Biography
Kenneth M. Golden is a Professor of Mathematics and Adjunct Professor of Bioengineering at the University of Utah. His scientific interests lie in sea ice, climate change, composite materials, phase transitions, and inverse problems. He has published 56 papers in mathematics, physics, geophysics, electrical engineering, mechanical engineering, and biomechanics journals, and given over 300 invited lectures on six continents, including three presentations in the US Congress.
Dr. Golden has journeyed seven times to Antarctica and eight times to the Arctic to study sea ice. In high school he became fascinated by the polar regions, studying satellite images of sea ice at NASA/Goddard Space Flight Center. As an undergraduate he worked at the US Army Cold Regions Research and Engineering Laboratory on radar propagation in sea ice, while completing degrees in Mathematics and Physics at Dartmouth College. Dr. Golden received his Ph.D. in Mathematics at the Courant Institute of NYU in 1984.

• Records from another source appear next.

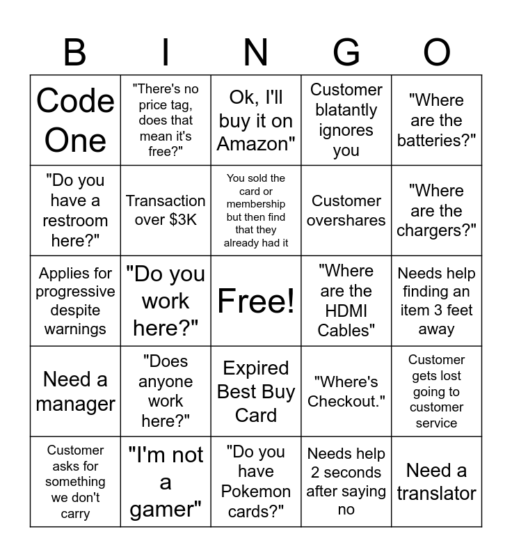 This bingo card has a free space and 24 words: "Does anyone work here?", "I'm not a gamer", You sold the card or membership but then find that they already had it, Customer asks for something we don't carry, "Where are the batteries?", Code One, "Do you have a restroom here?", "There's no price tag, does that mean it's free?", "Where are the HDMI Cables", Expired Best Buy Card, Customer overshares, Applies for progressive despite warnings, "Where's Checkout.", Customer gets lost going to customer service, Transaction over $3K, Needs help 2 seconds after saying no, Needs help finding an item 3 feet away, Ok, I'll buy it on Amazon", "Where are the chargers?", "Do you work here?", Need a translator, Need a manager, Customer blatantly ignores you and "Do you have Pokemon cards?".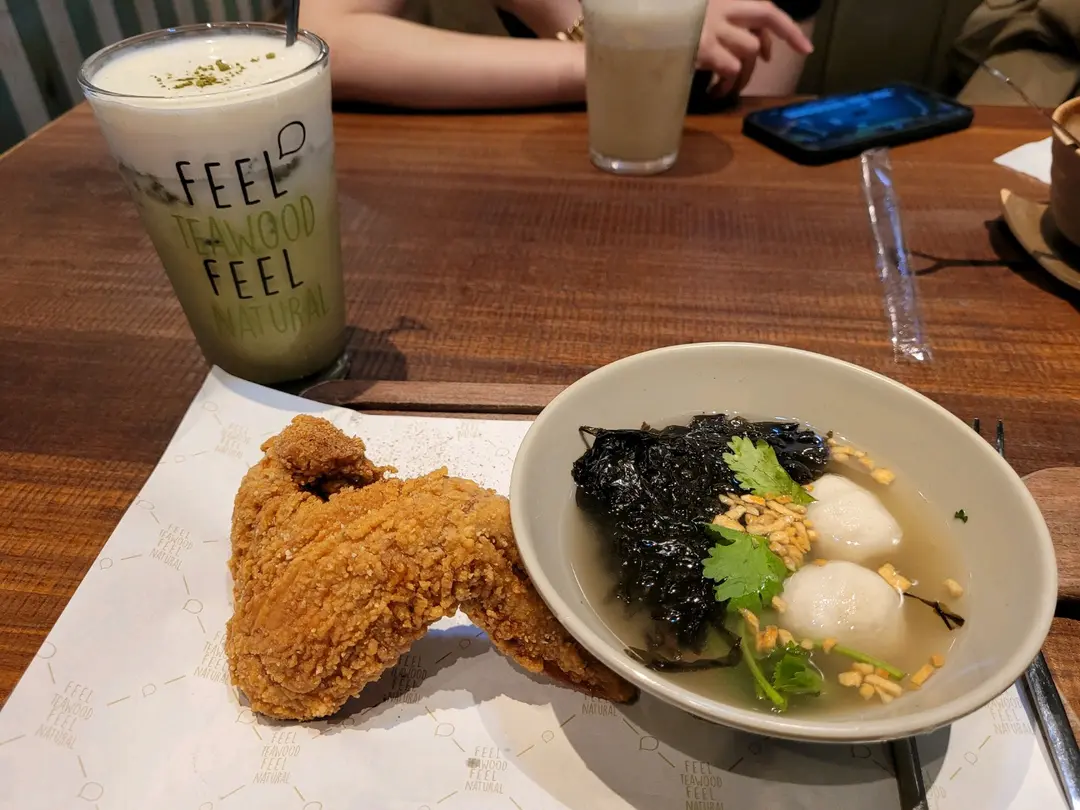 炸雞翼配紫菜湯魚丸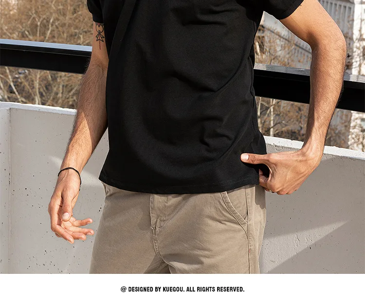 Мужская футболка с коротким рукавом KUEGOU, однотонная Базовая футб...

Prior to moving to Utah in 1991, he was an Assistant Professor of Mathematics at Princeton University, and a National Science Foundation Postdoctoral Fellow at Rutgers University in mathematical physics. Professor Golden has received teaching awards from Princeton and the University of Utah.
In 2011 he was selected as a Fellow of the Society for Industrial and Applied Mathematics, for "extraordinary interdisciplinary work on the mathematics of sea ice," and in 2012 he was a member of the inaugural class of Fellows of the American Mathematical Society. His research and polar expeditions have been covered in over 30 newspaper, magazine, and web articles, including profiles in Science and Science News. He has also been interviewed numerous times on radio and television.